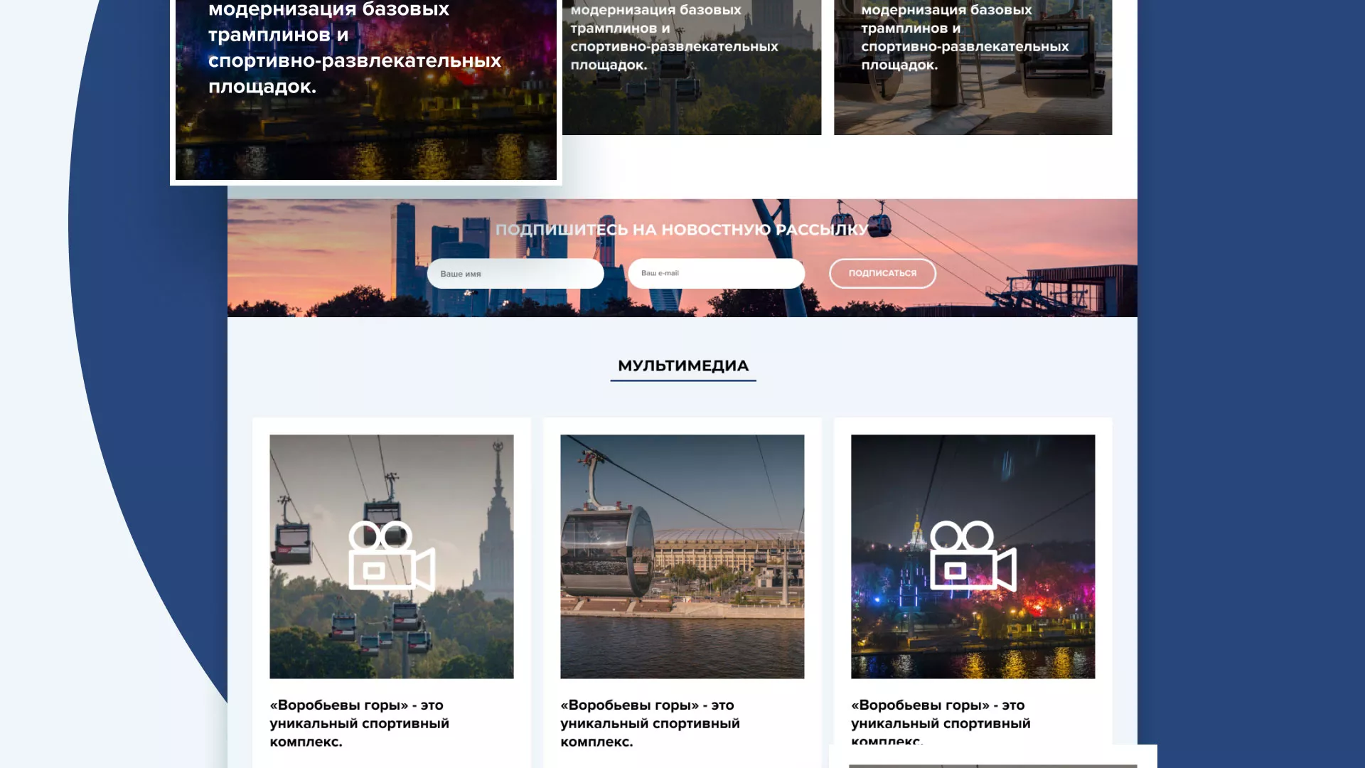 Разработка официального сайта в Красноармейске для спортивно-развлекательного комплекса «Воробьёвы горы».
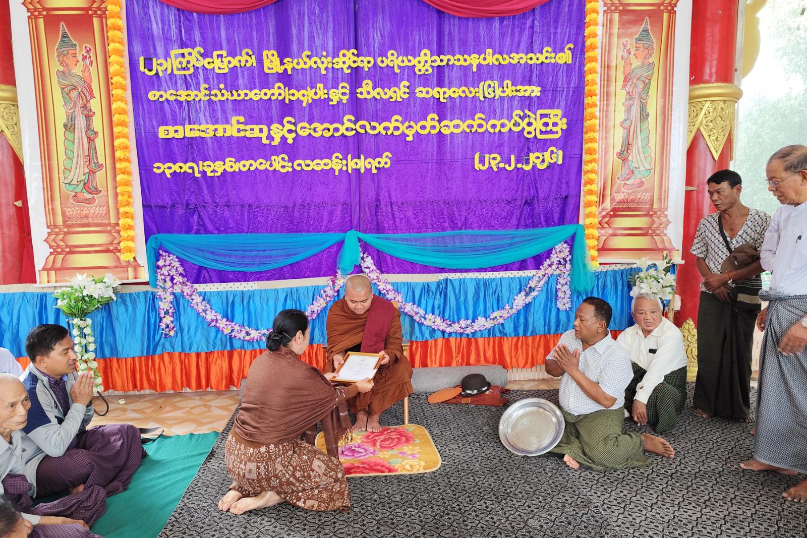 ယင်းနောက် ဝိသုဒ္ဒါရုံသာသနပြုစာသင်တိုက် တိုက်အုပ်ဆရာတော် ဘဒ္ဒန္တသုမနသာရထံမှ လှူဒါန်းမှုအစုစုတို့အတွက် ရေစက်သွန်းချအမျှပေးဝေကာ “ဗုဒ္ဓသာသနံ စိရံတိဋ္ဌတု” သုံးကြိမ်ရွတ်ဆို၍ အခမ်းအနားကို အောင်မြင်စွာရုပ်သိမ်းခဲ့ပြီး အခမ်းအနားသို့ မြို့နယ်စီမံခန့်ခွဲရေးနှင့်အုပ်ချုပ်ရေးကော်မတီဥက္ကဋ္ဌ ဦးလှရွှေနှင့် တာဝန်ရှိသူများ၊ အသင်းသူ/အသင်းသားများနှင့် စေတနာရှင်၊ အလှူရှင်များ တက်ရောက်ကြည်ညိုခဲ့ကြကြောင်း သိရသည်။
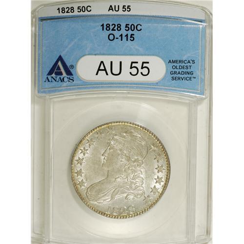 <B>1828 50C Curl Base 2, No Knob AU55 ANACS.</B></I> O-115. NGC Census: (186/922). PCGS Population (82/229). Mintage: 3,075,200. Numismedia Wsl. Price for NGC/PCGS coin in AU55: $300. (#6148)<BR><BR><b>Shipping:</b> Coins & Currency (<a target="_blank" href="http://www.heritageauctions.com/common/shipping.php">view shipping information</a>)
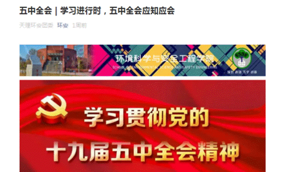学院党委充分利用学院官方微信平台和学院一楼大厅电子显示屏进行十九届五中全会应知应会、开展情况的宣传。自学院党委启动十九届五中全会学习宣传计划以来,学院官方微信共计推出相关推文7篇,全面宣传全会相关知识点和各师生党团支部学习宣贯情况,学院一楼大厅定期滚动播出十九届五中全会精神关键词,营造良好的学习宣传氛围。
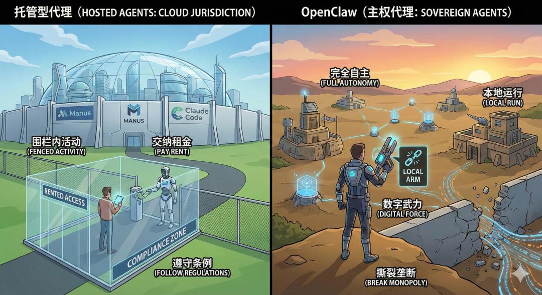 ● OpenClaw(主权代理):它完全站在用户这一边。因为它运行在本地,它更像是一个“每个人都可以持枪”的时刻。当每个个体都拥有了能够自主操作 Web、自由调用不同模型、且不被云端监视的“数字武力”时,大公司对流量、数据入口和操作路径的垄断将被彻底撕裂。这是你的一亩三分地,你可以左右它的所有行为。
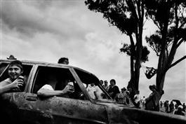 Every year in October thousands of motor racing fans make the trip to Mount Panarama for the Bathurst V8 car races in N.S.W, Australia. Fans camp on top of the mountain and when the action on the real circuit cools down the spectators create their own forms of entertainment around makeshift muddy racetracks. Intoxicated by alcohol, revellers smash their own cars into trees and other vehicles until they are damaged beyond repair. The cars are then rolled and burnt in a sort of life ending ritual. From the base of the mountain black smoke can be seen billowing high into the air...
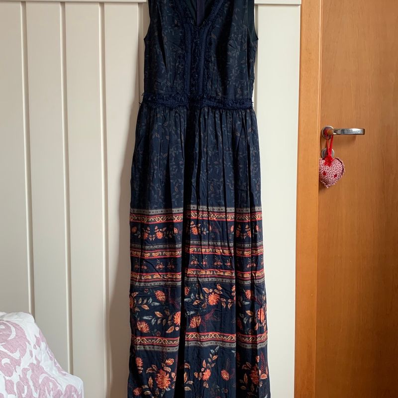 Vestido clearance antix azul, Vestido Antix Estampado Azul Marinho Longo Decote V Vestido clearance
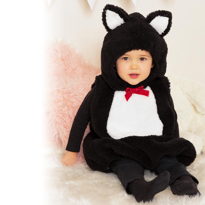 上からかぶるワンピースタイプの衣装は、着替えが苦手で不機嫌になりがちな赤ちゃんでも使いやすいのでおすすめです。いつもの服の上からかぶるだけで手軽にかわいらしい仮装を楽しめますよ。黒猫がテーマの仮装なので、インナーやズボンなどを黒で揃えると統一感が出るでしょう。
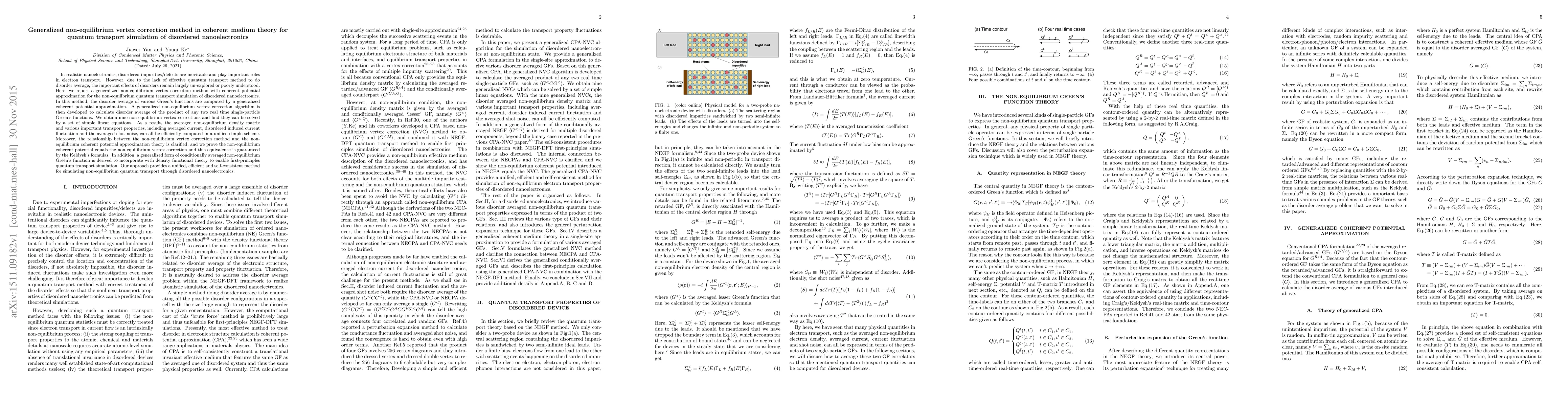 This paper introduces a generalized non-equilibrium vertex correction method for simulating quantum transport in disordered nanoelectronics, employing a coherent potential approximation to average disorder effects. The method efficiently computes transport properties like current and shot noise, establishing a relationship with the non-equilibrium coherent potential approximation and enabling first-principles simulations.
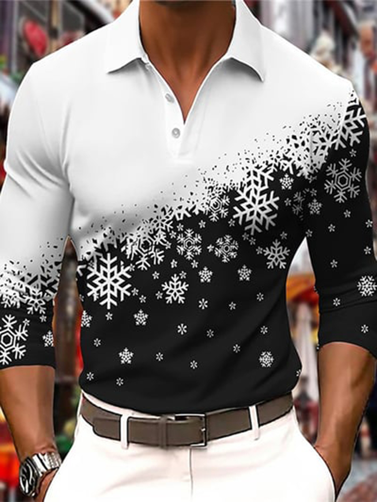 Men's Casual Christmas Printed Long Sleeve Polo Shirt
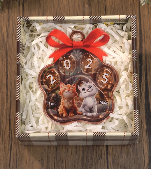 Custom Xmas Gifts for Cat Lovers - Acrylic Paw Print Ornament
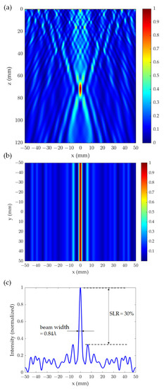 The beam characteristics and intensity profiles of the THz wave transmitted by the numerically designed and optimized CSOL are presented in Figure 4, where the z-axis is the propagation direction and xy plane is the focal plane. Figure 4a,b show the intensity distribution after the THz wave passes through the lens, normalized by the maximum intensity of main peak at z = 71.2 mm. Figure 4a shows the normalized intensity pattern of the focused THz beam on the xz plane and a hotspot is observed from z = 67.7 mm to z = 76.6 mm with a maximum intensity at 71.2 mm. On the other hand, Figure 4b shows the intensity pattern on the xy plane. The focal spot of the transmitted THz beam exhibits a constant maximum intensity along the y direction, which is perpendicular to the polarization. We considered an incident beam that is 100% polarized in one direction. Terahertz waves polarized along the direction parallel to the length of the slits are reflected, while terahertz waves that are polarized along the widths of the slits are transmitted. Side lobes are seen at around x = ±6.1 mm from the central focal beam line at x = 0. The intensity profile at y = 0 mm and z = 70 mm, which is the target focal length for the designed CSOL, is shown as a function of x in Figure 4c. It can be observed in this figure that the beam width is 0.84λ and the SLR is about 30%. We note that the ratio of the THz power transmitted through the CSOL to the total power of the incident THz beam is 25.5%. This implies a relatively low transmittance, especially in comparison to conventional lenses. Improving the power of the focused beam line is one of the future challenges of designing the CSOL.
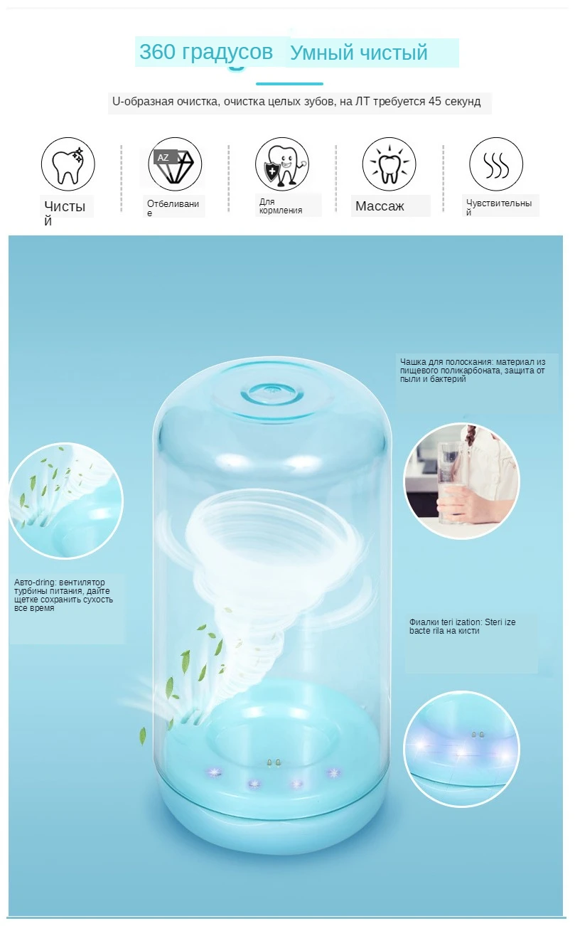 ❤Интеллектуальная УФ-дезинфекция: Магнитное зарядное основание. При зарядке УФ дезинфицирует зубную щетку, стерилизация
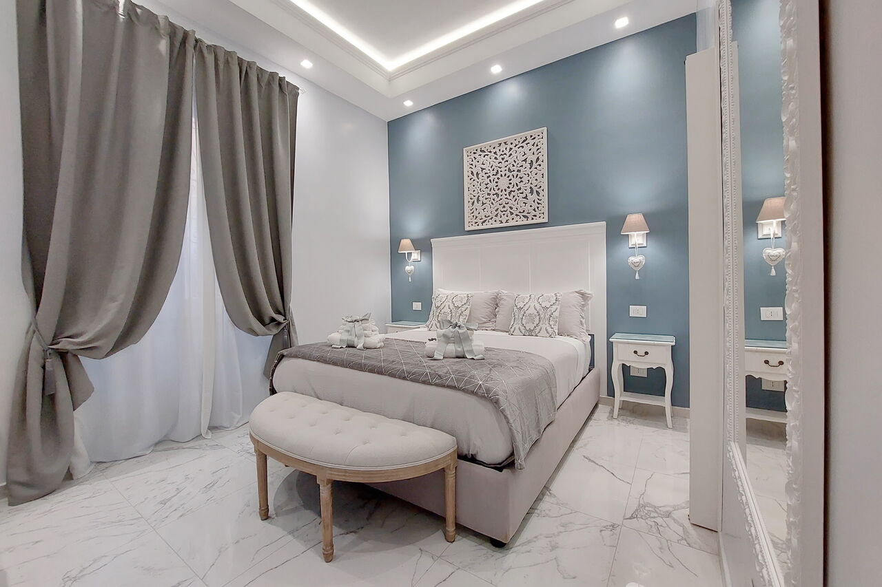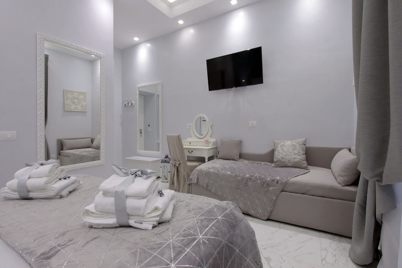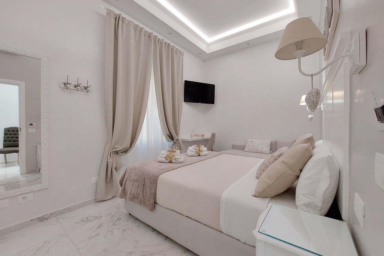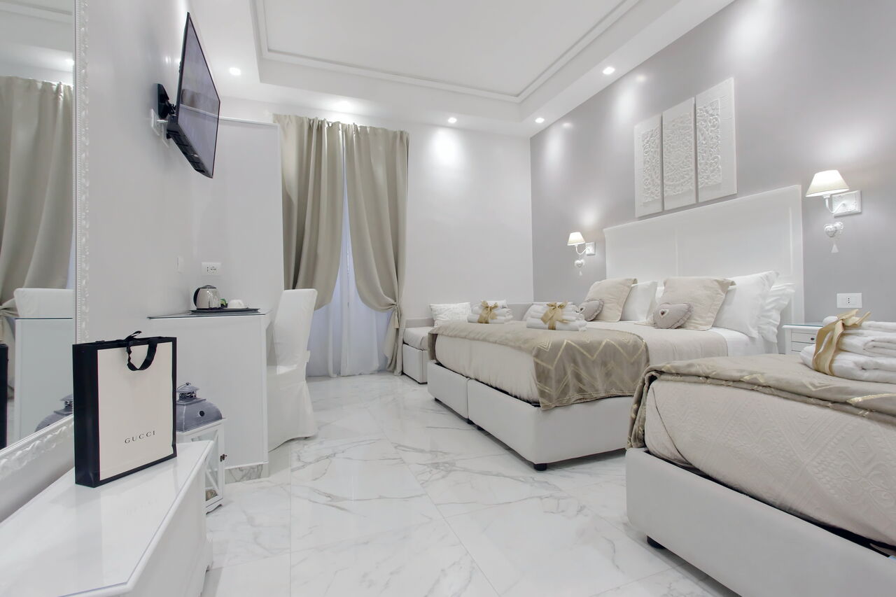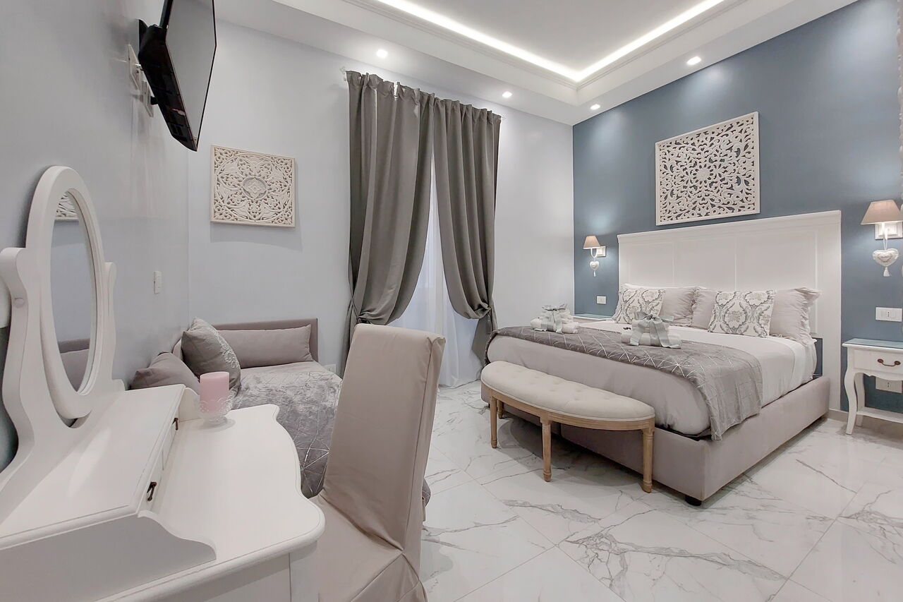 Camere luminose provvisti di aria condizionata, scrivania, bollitore, frigorifero, cassaforte, TV a schermo piatto, arredate con raffinata eleganza dotate tutte di bagno en suite privato con bidet e un raffinato contesto esterno.
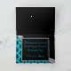 Aqua Blue & Black Damask Gem Sparkle Thank You Card
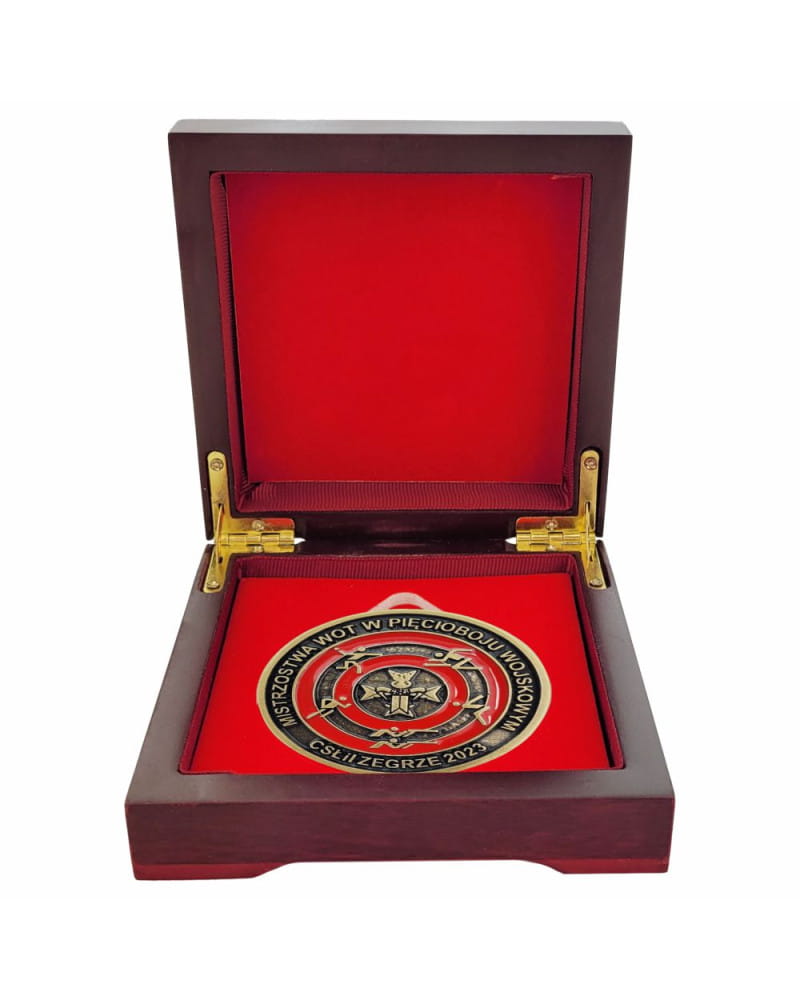 ETUI DREWNIANE ETM28 - CZERWONE - Do medali 70 mm
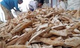Warga mengemas gaplek ke dalam karung untuk dijual kepada produsen tepung tapioka seharga Rp3.500 per kilogram di Desa Selopanggung, Kediri, Jawa Timur, Senin (26/8/2019). (FOTO : ANTARA FOTO)
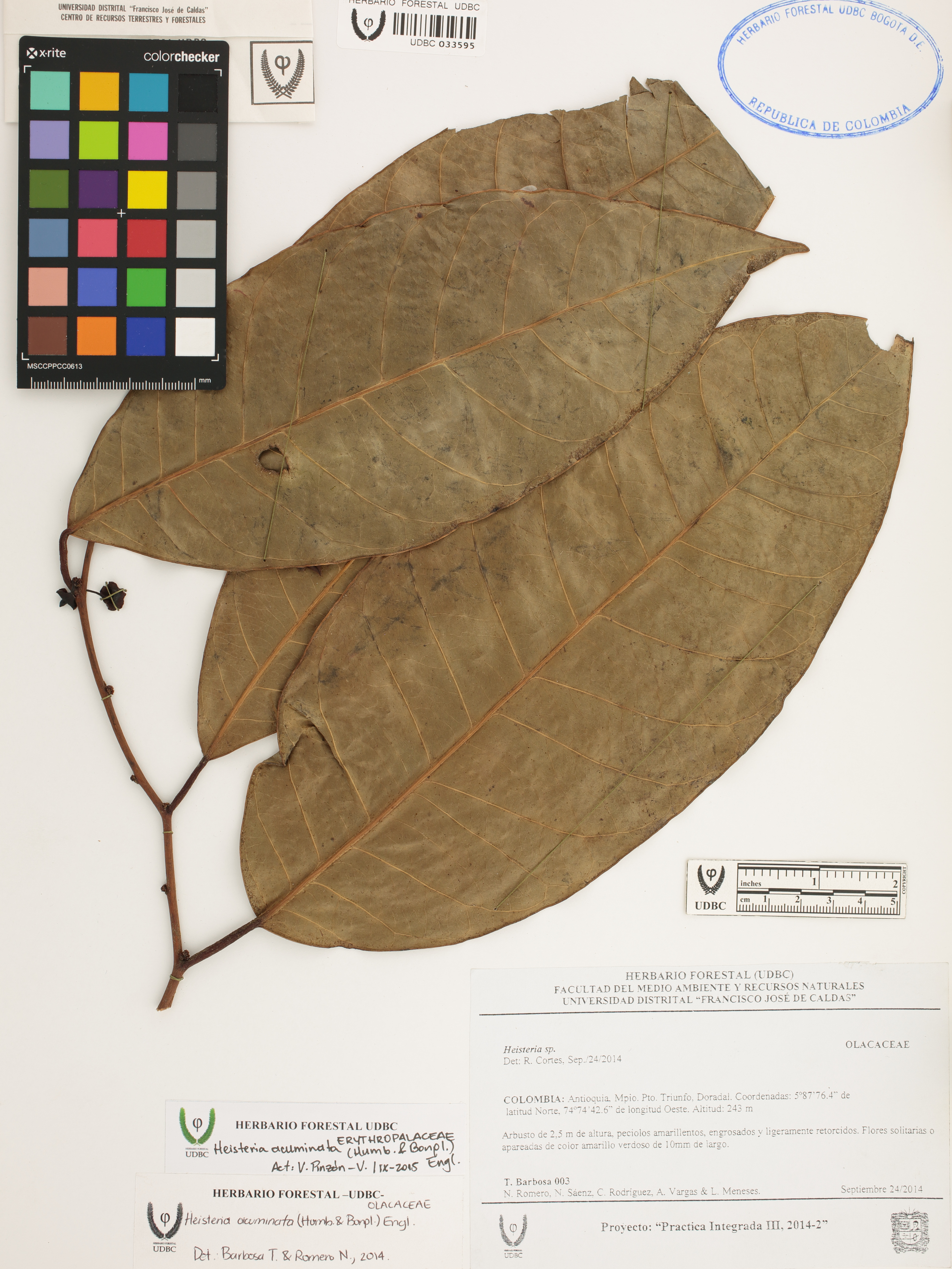 Fotografía del ejemplar Barbosa, T. 3, determinado como Heisteria acuminata en el año 2014

◇ ◇ ◇

Beginning with the line that contains "Aqua Blue &" and ending with the last line of the data, transcribe each line exactly; pictures stay out.

 Aqua Blue & Black Damask Gem Sparkle Thank You Card
 ETUI DREWNIANE ETM28 - CZERWONE - Do medali 70 mm
Warga mengemas gaplek ke dalam karung untuk dijual kepada produsen tepung tapioka seharga Rp3.500 per kilogram di Desa Selopanggung, Kediri, Jawa Timur, Senin (26/8/2019). (FOTO : ANTARA FOTO)
 Fotografía del ejemplar Barbosa, T. 3, determinado como Heisteria acuminata en el año 2014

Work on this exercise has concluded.